After our visit to Dorset earlier this year courtesy of holidaycottages.co.uk I returned with a decent haul of beers from the county, including a set from a new (to me) brewery, 8 Arch.
8 Arch Brewing is based in Wimborne, Dorset and is named for the local landmark of Julian’s Bridge which crosses the River Stour with an unusually long span of 8 arches. Like many small breweries, they’re tucked away on a fairly nondescript industrial estate but they’re well worth seeking out.
Bowstring is a 3.8% session bitter. It’s a perfect looking copper ale, with a deep, loose textured head.
The aroma is earthy, full of traditional English hops and a nice backdrop of biscuity malt.
In the mouth there are blackcurrant fruit flavours, with a deep bitterness and a little honey sweetness to balance it out. Nothing too wild and crazy, but it’s a very tasty best bitter.
Parabolic is a 4.5% pale ale. It’s a golden ale with a nice bright white head.
The aroma is wonderfully hoppy – floral notes with lots of tropical fruit in there too.
In the mouth it starts out sugar sweet on the tongue, but this is quickly countered with a deeply bitter hop kick. It’s almost too bitter but just manages to stay on the tasty side of the line. Overall, a very nicely crafted hop heavy pale ale.
Quarterback is a 4.8% Porter. It’s a blackish brown ale with a deep, but short lived, open textured tan head.
The aroma is pretty much full of toasted malt, almost to the point of burnt.
In the mouth, there’s a surprisingly light body – light but in no way watery. There’s a tiny touch of sugar at the very start, quickly and delicately balanced by a soft, slightly burnt bitterness. In the background is a hint of blackcurrants, but not much else in the way of fruit.
Light, easy drinking and tasty, but is it perhaps too light for a porter?
Corbel is a 5.5% India pale ale.

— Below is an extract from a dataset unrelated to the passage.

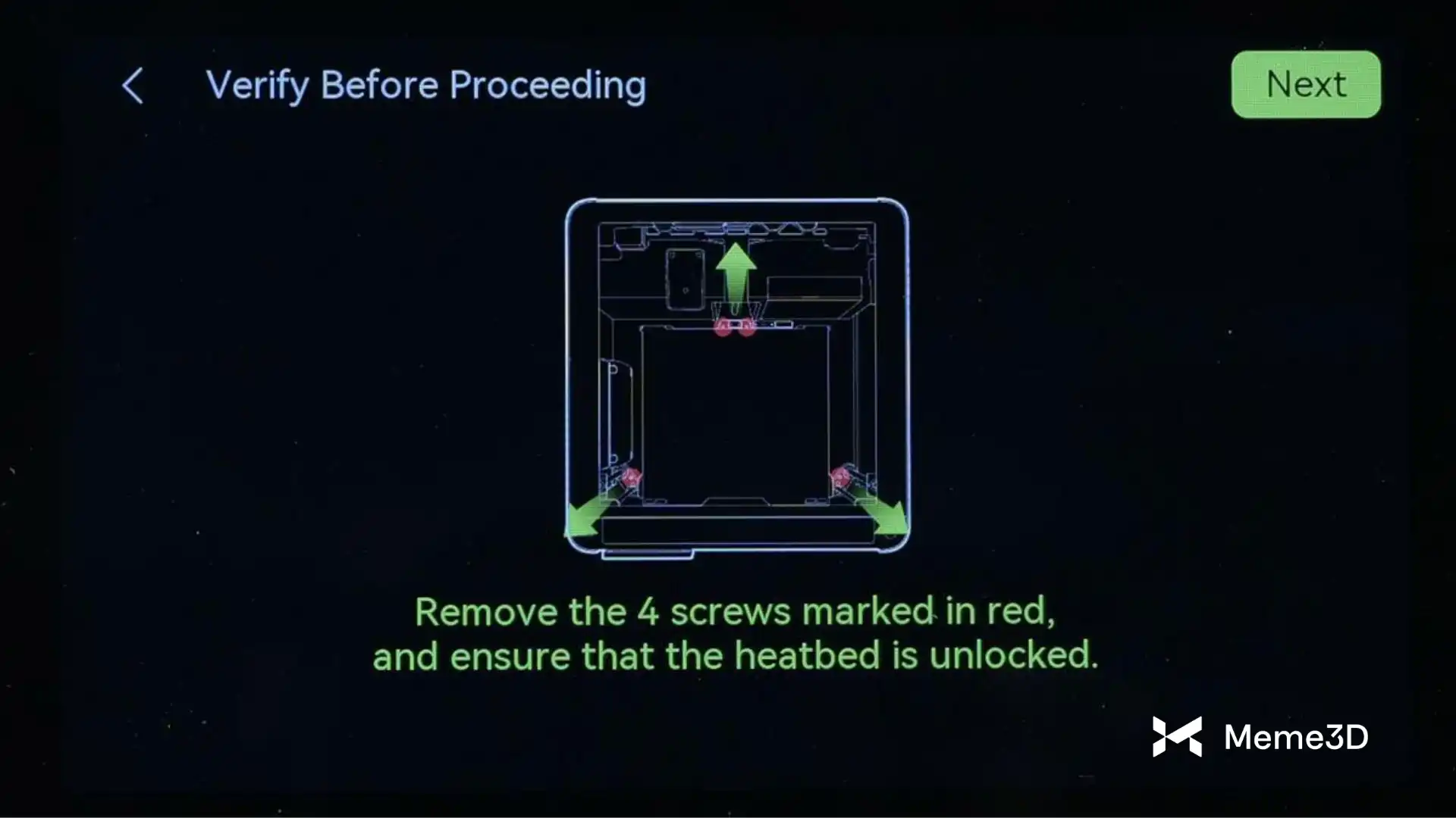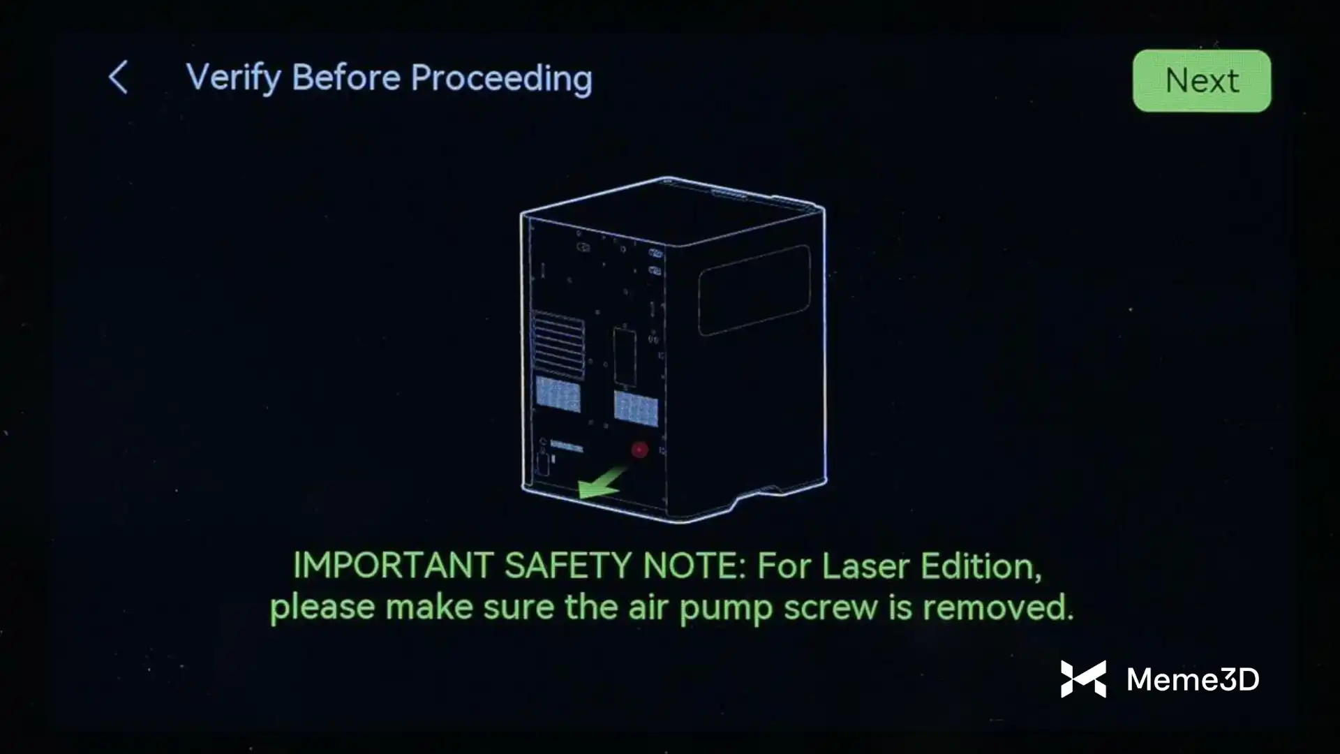 Tiếp theo, một lời nhắc nhở sẽ hiển thị trên màn hình liên quan đến phiên bản máy in H2D Laser Edition. Nếu bạn đã mua phiên bản này, hãy đảm bảo rằng bạn đã tháo vít bơm ở phía sau máy in. Bước này cũng được hướng dẫn trong Hướng dẫn Khởi động Nhanh.

It’s a golden ale with a thin, fine bubbled head.
The aroma is wonderfully hoppy – floral and full of tart citrus fruit, with a belt of passion fruit lurking below that.
In the mouth it’s rich and sweet, with passion fruit and a sticky sugar syrup that is slowly – very slowly – countered with a deep, resinous hoppy bitterness.
Delightfully balanced, it doesn’t pack quite the punch of the best IPA but it comes wonderfully close. As my tasting notes say – Yum!
Overall it’s a decent collection of beers, covering both the traditional and the more ‘crafty’ side of beer. Definitely one to seek out when you find yourself in that part of the country.